You're an artist. Why is your blog called I'm not that good at drawing?


I've been to art clubs an classes since age 4 approximately, and drawing was always one of my favourite things to do as child. Especially if I could draw either with my mum or late grandma.

I think my strength is in colour, not so much in form and most definitely not in precision. I've never liked drawing from life because there was always a huge disconnect between my hand and eye. There still is, and I despise sketching from reference for practice.

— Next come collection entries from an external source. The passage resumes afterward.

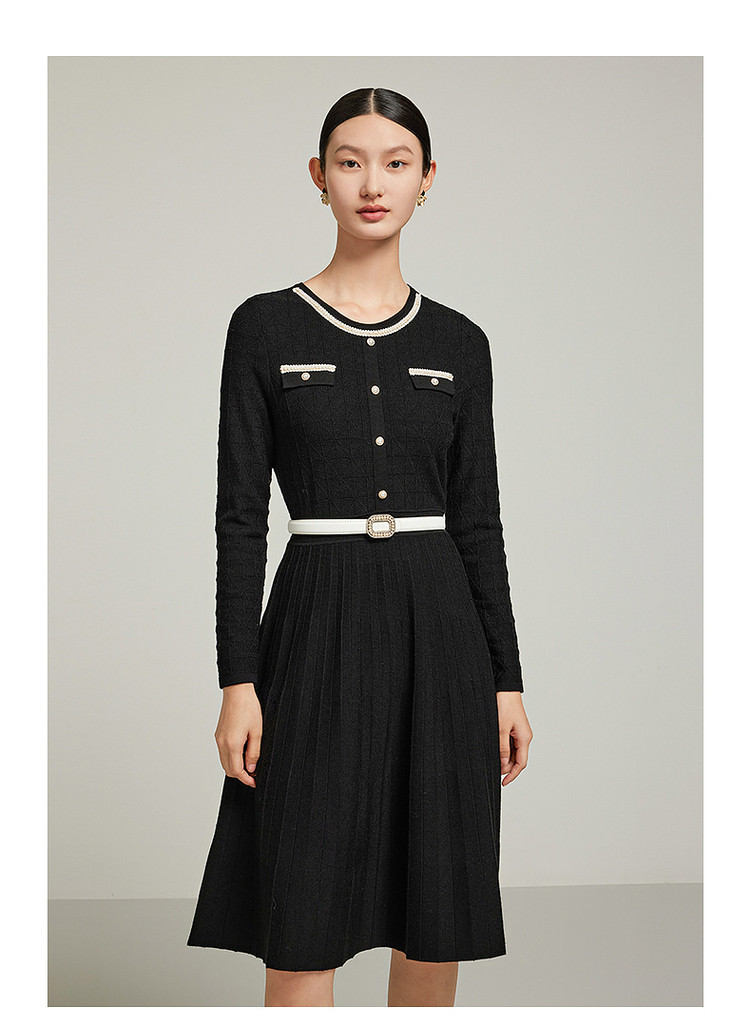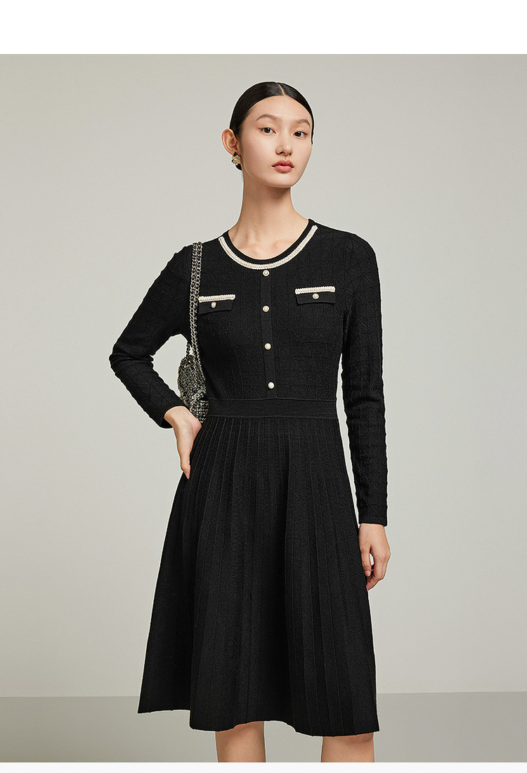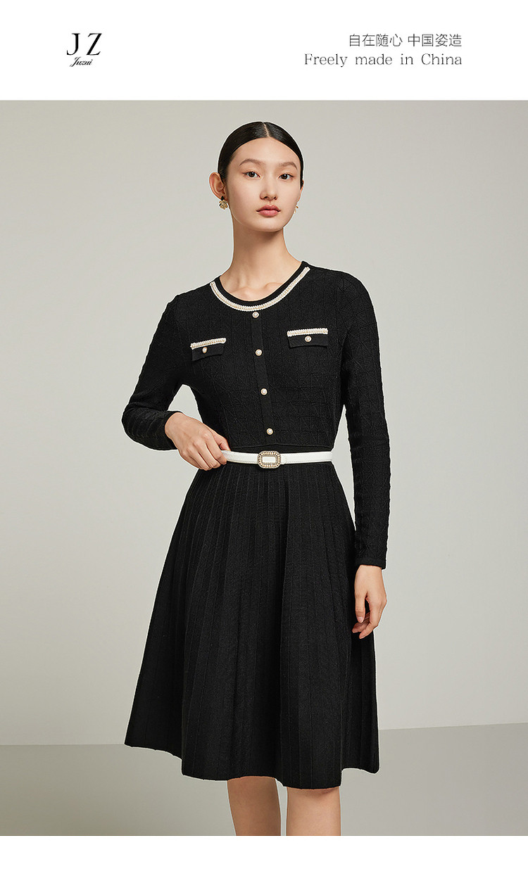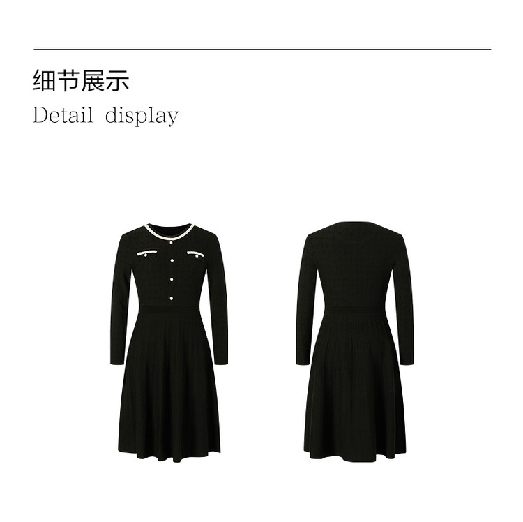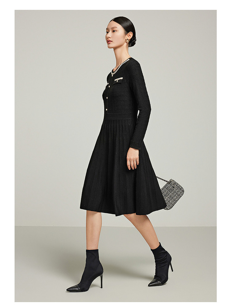 商品名称:小香风复古小黑裙女装冬季条纹肌理羊毛连衣裙 477324
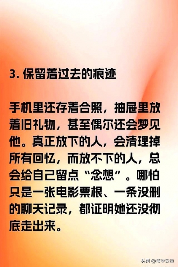 前几天和邻居王姐聊天,她刚和谈了三年的男友分手,嘴上说着"早翻篇了",可我却发现她手机屏保还是两年前两人在海边的合照。
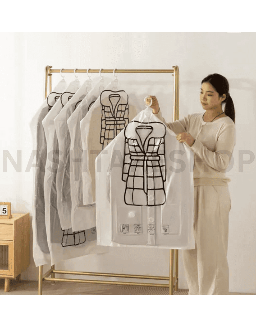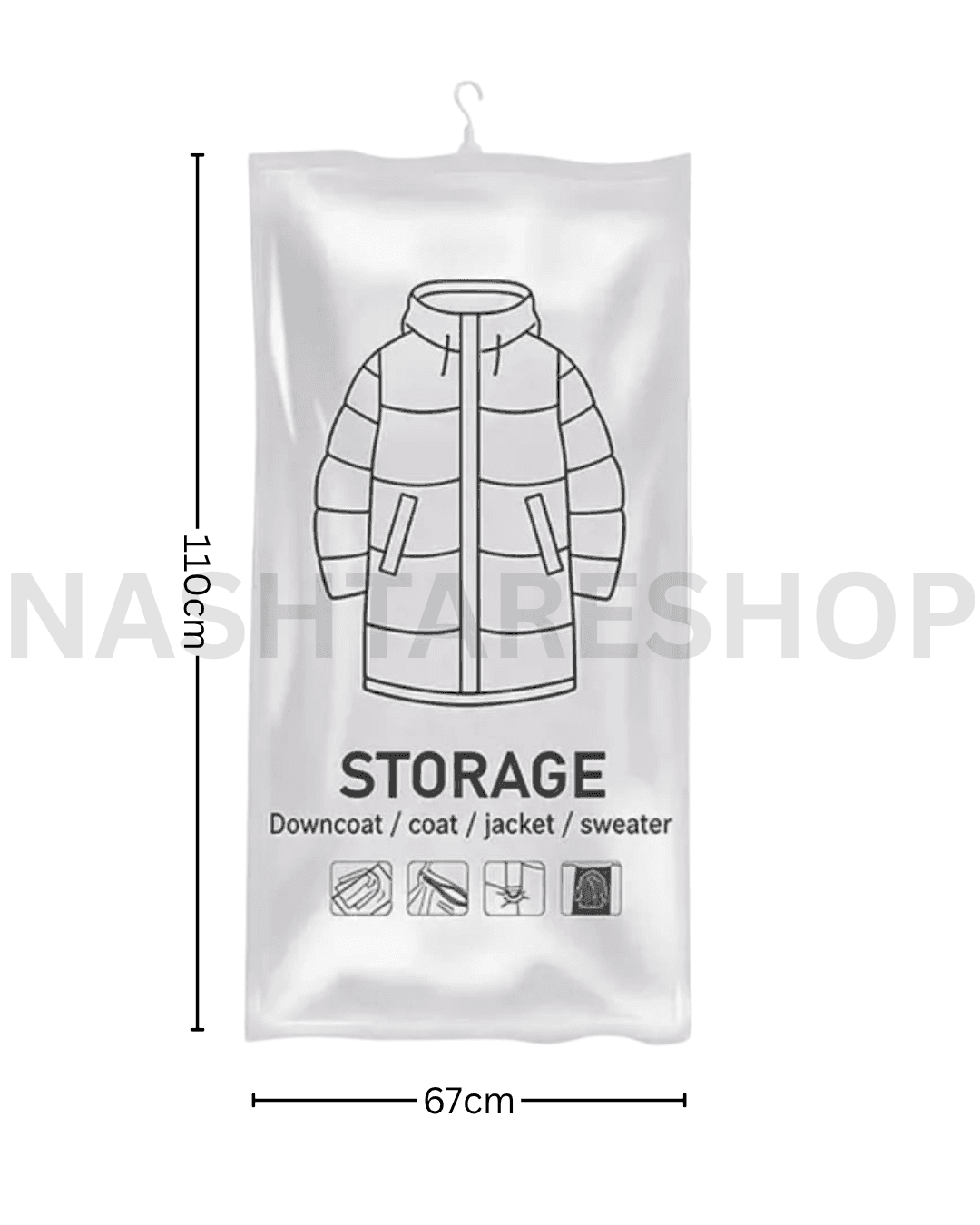 The Cangle Hanging Vacuum Compression Bag is designed to efficiently store bulky clothing such as coats, jackets, and seasonal wear. With its hanging design and vacuum compression system, it helps maximize closet space while protecting garments from dust, moisture, and insects. Perfect for home organization and wardrobe storage.
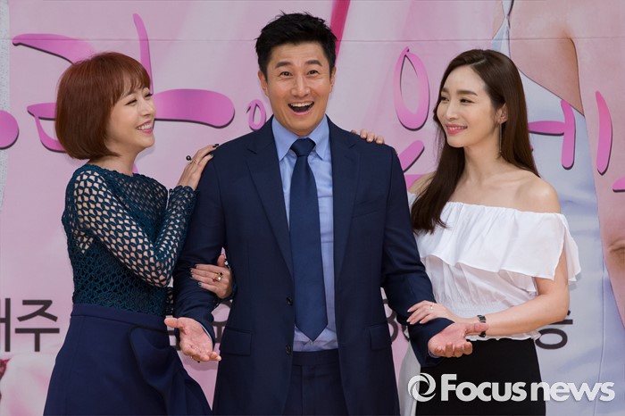 (서울=포커스뉴스) 14일 오후 서울 양천구 SBS 목동사옥에서 열린 SBS 일일드라마 '사랑이 오네요' 제작발표회에 참석한 배우 (왼쪽부터) 심은진, 이훈, 이민영이 포토타임을 갖고 있다.

I went to an Upper Secondary School (or high school if you're American, Gymnasium if you're Swedish) that specialised in visual arts, which is where I started fully identifying as someone who can't draw. In my group of friends everyone seemed to have their own distinct art style, and not only could they doodle from imagination, they also captured likeness seemingly effortlessly. So I started to feel inferior and only took the bare minimum of drawing classes. I got into photography and started playing with Photoshop. To be honest, I aced all of my photo classes and got top marks. My teacher wrote my university application reference.


I went on to do a Bachelor's Degree in Photographic Art, which helped me realise that I didn't actually like photography all that much. I gravitated towards video, and dance. Dance is something I'd also done from young age until I moved on to figure skating. But now, as a 20-something I again felt inadequate if I took dance classes, so instead of doing that I would dance wherever I could as long as I didn't have to share space with limber 16-year-olds.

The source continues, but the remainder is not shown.